◆ **GOAL OF THE EXERCISE**
Starting at the line that contains "LG전자 디오스 오브제컬렉션" and stopping after the line that contains "Η ΕΦΗΜΕΡΙΔΑ ΤΩΝ ΣΥΝΤΑΚΤΩΝ - 28 Ιουλίου 2025", transcribe the listing below exactly; do not include any pictures.

◆ **DATA RECORDS**
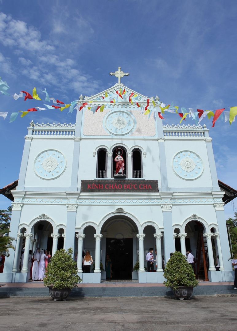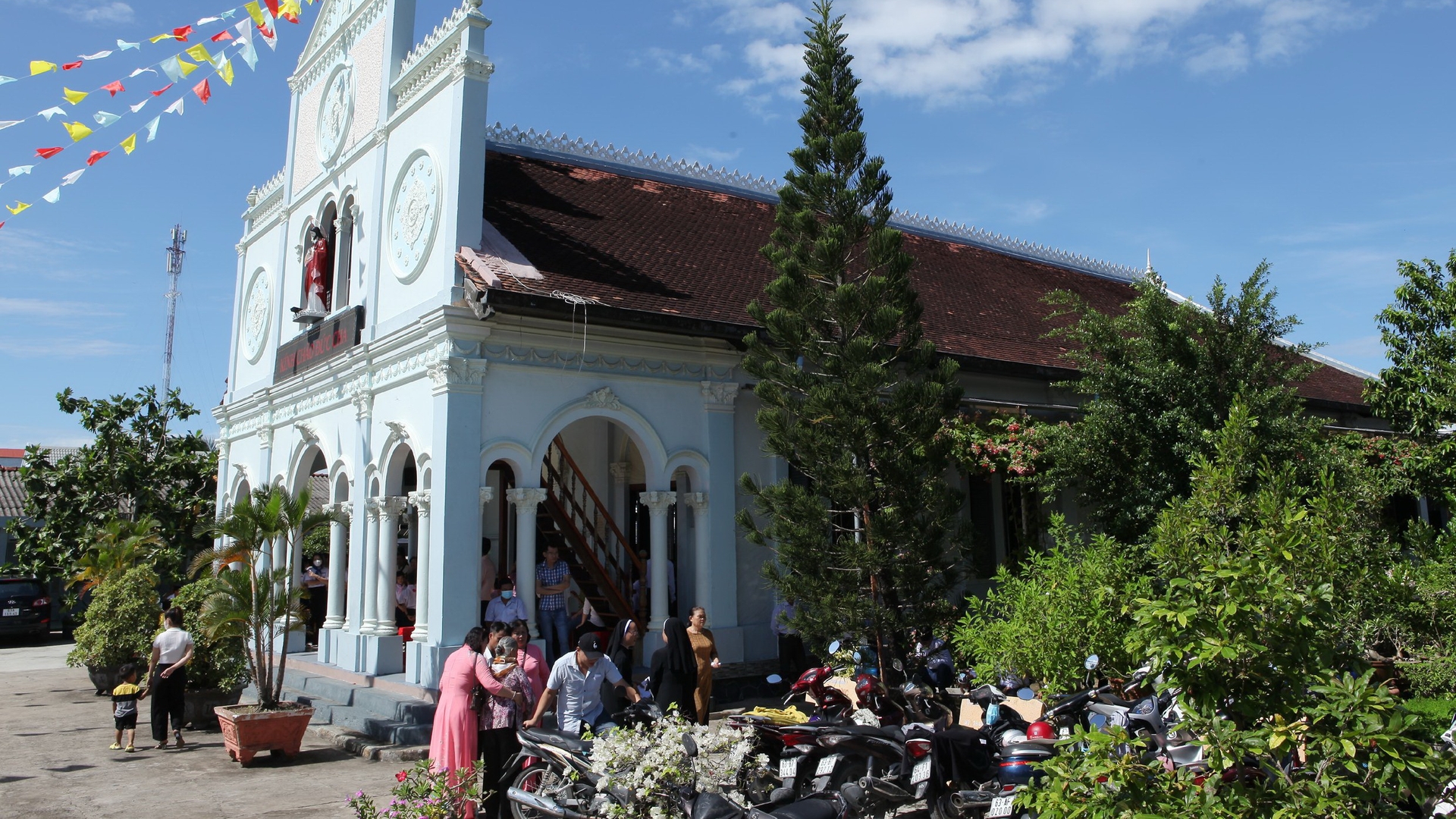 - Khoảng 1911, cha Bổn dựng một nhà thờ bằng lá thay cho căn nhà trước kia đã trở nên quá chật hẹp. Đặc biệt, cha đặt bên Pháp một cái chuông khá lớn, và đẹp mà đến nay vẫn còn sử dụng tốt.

==

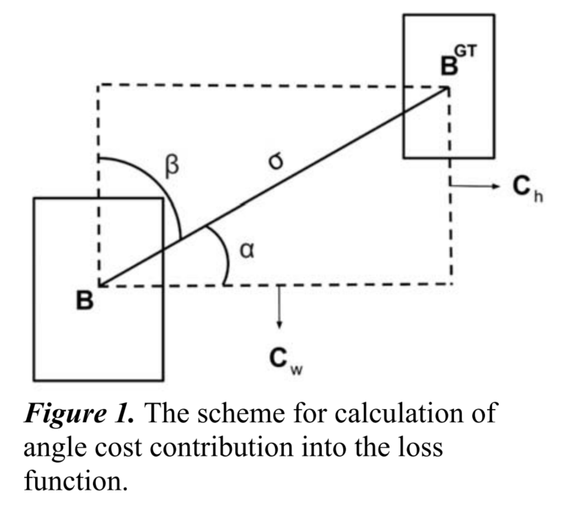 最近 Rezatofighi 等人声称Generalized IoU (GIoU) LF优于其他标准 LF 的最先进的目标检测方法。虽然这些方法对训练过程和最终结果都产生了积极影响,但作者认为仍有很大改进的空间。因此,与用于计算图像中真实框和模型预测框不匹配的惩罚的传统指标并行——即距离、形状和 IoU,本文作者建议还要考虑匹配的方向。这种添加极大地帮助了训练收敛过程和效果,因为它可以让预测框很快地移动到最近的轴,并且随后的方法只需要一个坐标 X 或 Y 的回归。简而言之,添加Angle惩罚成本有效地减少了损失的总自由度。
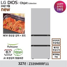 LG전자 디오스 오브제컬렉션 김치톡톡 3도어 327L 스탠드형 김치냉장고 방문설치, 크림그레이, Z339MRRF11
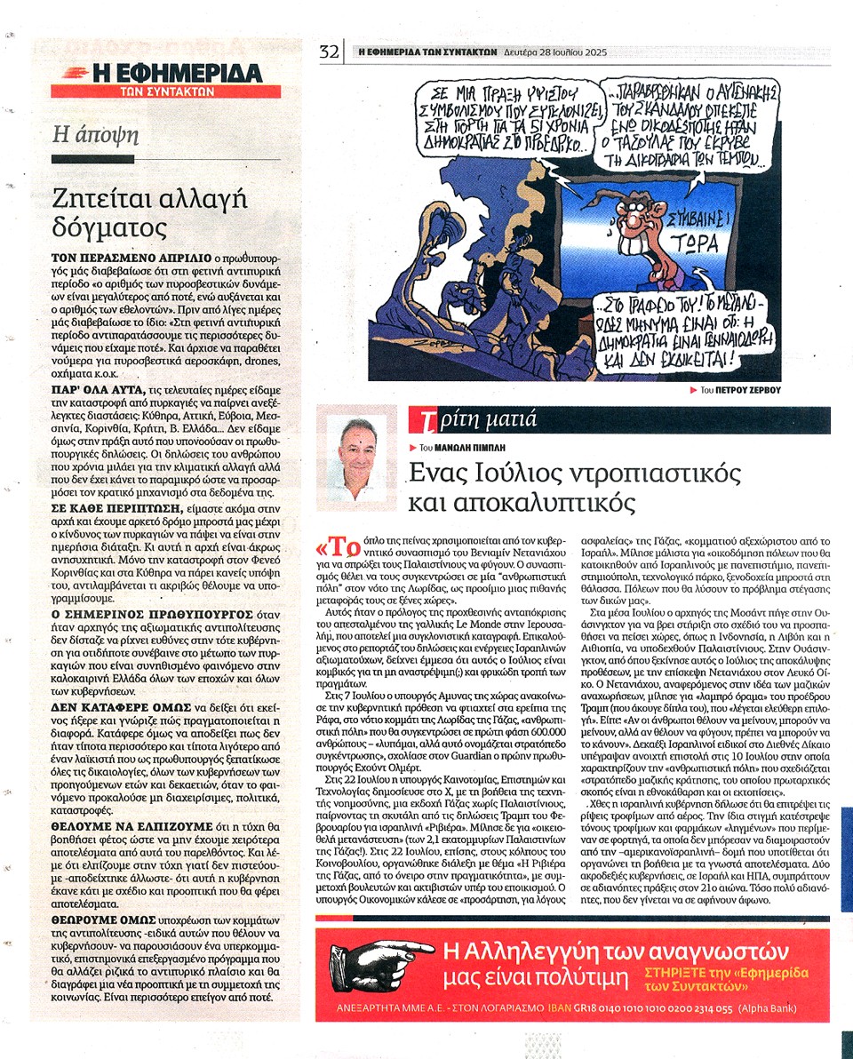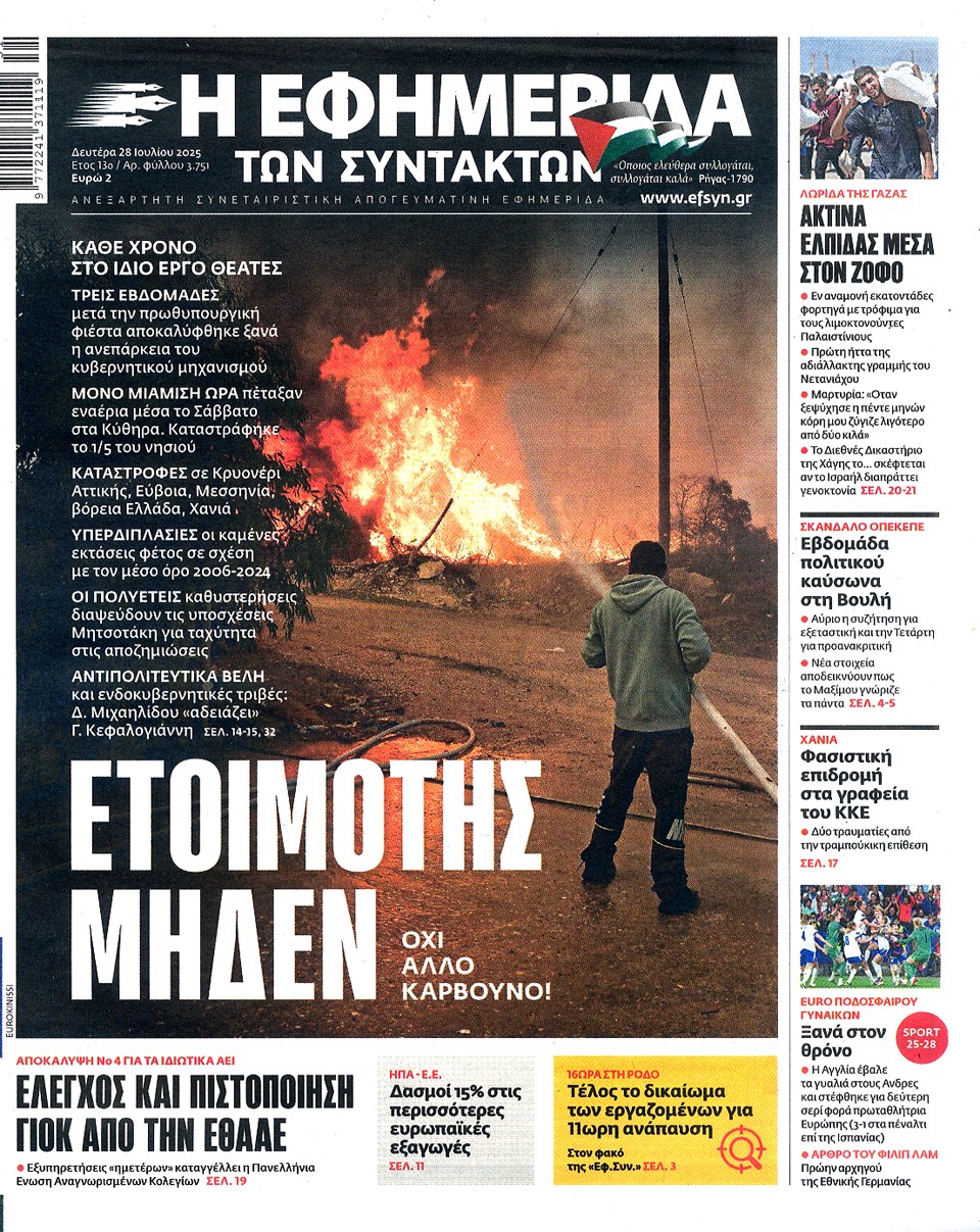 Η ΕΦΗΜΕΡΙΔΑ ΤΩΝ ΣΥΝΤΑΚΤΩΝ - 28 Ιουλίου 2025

◆ **EXERCISE ANSWER**
 LG전자 디오스 오브제컬렉션 김치톡톡 3도어 327L 스탠드형 김치냉장고 방문설치, 크림그레이, Z339MRRF11
 Η ΕΦΗΜΕΡΙΔΑ ΤΩΝ ΣΥΝΤΑΚΤΩΝ - 28 Ιουλίου 2025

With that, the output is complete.